Выбрать главу

— Его желудочно-кишечным расстройством, — сказал я, все сильнее и сильнее ощущая симптомы этого недуга в моем собственном теле.

— Совершенно верно. Именно механизм этого его переживания и заинтересовал меня настолько, что я вложил средства в эту его экскурсию. Вот что остается столь неясным. Нет ничего явного, если мне дозволено так выразиться, ни в его Цалал, ни в механизмах Цалал, однако Гроссфогель выдвигает, на мой взгляд, увлекательные гипотезы и уточнения со столь подавляющей убежденностью! Но по меньшей мере в одном он ошибается или, возможно, подтасовывает. Я говорю это потому, что он прибегнул к фигуре умолчания, касаясь больницы, где его лечили. В процессе изысканий для моего "Исследования" я изучал подобные места и то, как они управляются. Мне совершенно точно известно, что больница, где лечили Гроссфогеля, — крайне прогнившее медицинское учреждение, абсолютно прогнившее. Все там маскировка и прикрытие самых устрашающих манипуляций, в истинном размахе которых, мне кажется, не отдают себе отчета даже те, кто связан с подобными местами. И дело ни в какой-либо извращенности или злонамеренности. Просто развивается своего рода тайный сговор, зловредный альянс между определенными людьми и местами. Они в союзе с… Если бы вы могли прочесть мое "Исследование", вы бы знали, с какого рода кошмаром Гроссфогель соприкоснулся в этой больнице, в месте, смердящем кошмарами. Только в подобном месте мог Гроссфогель столкнуться с этими кошмарными сознаниями, о которых он распространяется в своих бесчисленных брошюрах и которые изображает в своей серии скульптур Цалал, утверждая, что они не плод его сознания или воображения, души или личности, но плод того, что он видит своим телом и органами физических чувств — этой тени, этой тьмы. Сознание и все прочее, душа и все прочее — всего лишь маскировка, сфабрикованная маскировка, как говорит Гроссфогель. Они то, что нельзя увидеть телом, нельзя воспринять ни единым органом физических чувств. Ибо на самом деле они несуществующие прикрытия, маски, личины для того, что активизирует наши тела способом, какой объяснил Гроссфогель, активизирует их и использует для получения благоденствия, которое ей нужно. Они творения: собственно говоря, художественные творения самого Цалал. О, невозможно объяснить вам это изустно. Я хотел бы, чтобы вы прочли мое "Исследование". Оно объяснило бы все, совлекло бы покров со всего. Но как вы можете прочесть то, что никогда не было написано?
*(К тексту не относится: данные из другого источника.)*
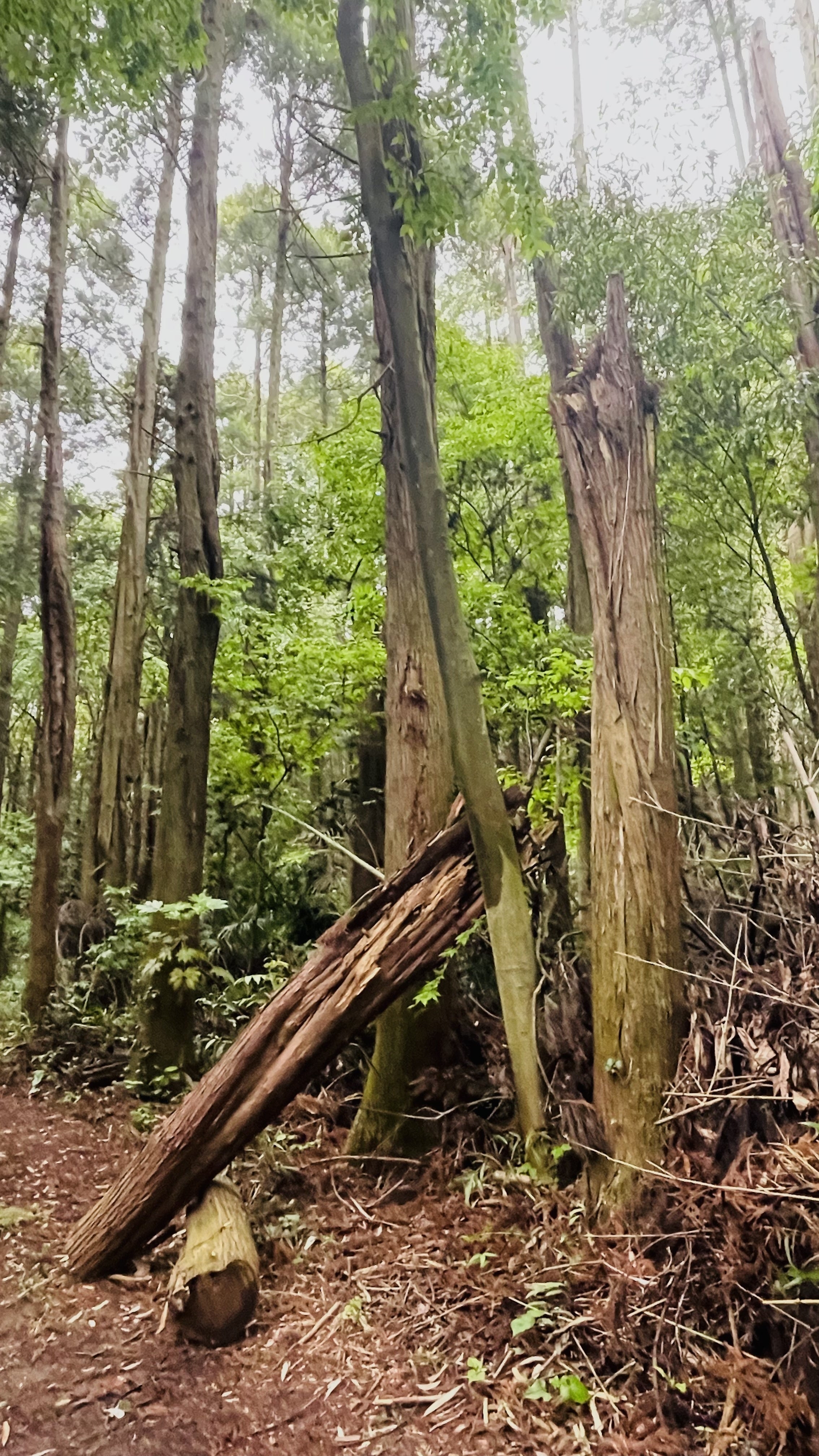 雨止んだと思って、気になる木を見に見に森に来たんですが、以前道を塞いでいた倒木を撤去した時に切れないまま元木にぶら下がっていた切れ端(と言うにはデカいんですが)が、ついに落ちてきていました。

— Не было написано? — осведомился я. — Почему оно не было написано?

— Почему? — сказал он, умолк на секунду и сморщился от боли. — Ответ это именно то, что Гроссфогель проповедовал и в своих брошюрах, и в своих публичных выступлениях. Вся его доктрина — если ее можно назвать так, если вообще возможно что-либо подобное в каком бы то ни было смысле — опирается на несуществование, на воображаемую природу всего, чем мы себя считаем. Вопреки его попыткам выразить произошедшее с ним, он не может не знать, что нет слов, способных объяснить подобное. Слова — это полнейшее затемнение того самого фундаментального факта существования, того самого заговора против человечества, которые мог бы осветить мой трактат. Гроссфогель испытал на себе квинтэссенцию этого заговора — или, во всяком случае, он утверждает, будто испытал ее. Слова — всего лишь маскировка этого заговора. Они — конечное средство для маскировки, конечное художественное произведение этой тени, этой тьмы — ее конечная художественная маскировка. Поскольку существуют слова, мы полагаем, будто существует сознание, будто существует нечто вроде души или личности. Просто еще один из бесконечных покровов этой маскировки! Но нет сознания, которое могло бы написать "Исследование заговора против человечества", не существует сознания, которое могло бы написать такую книгу, как и сознания, которое могло бы ее прочесть. Нет никого, кто мог бы сказать хоть что-то про этот самый фундаментальный факт существования, никого, кто мог бы сообщить об этой реальности. И нет никого, кому бы можно было когда-либо сообщить про нее.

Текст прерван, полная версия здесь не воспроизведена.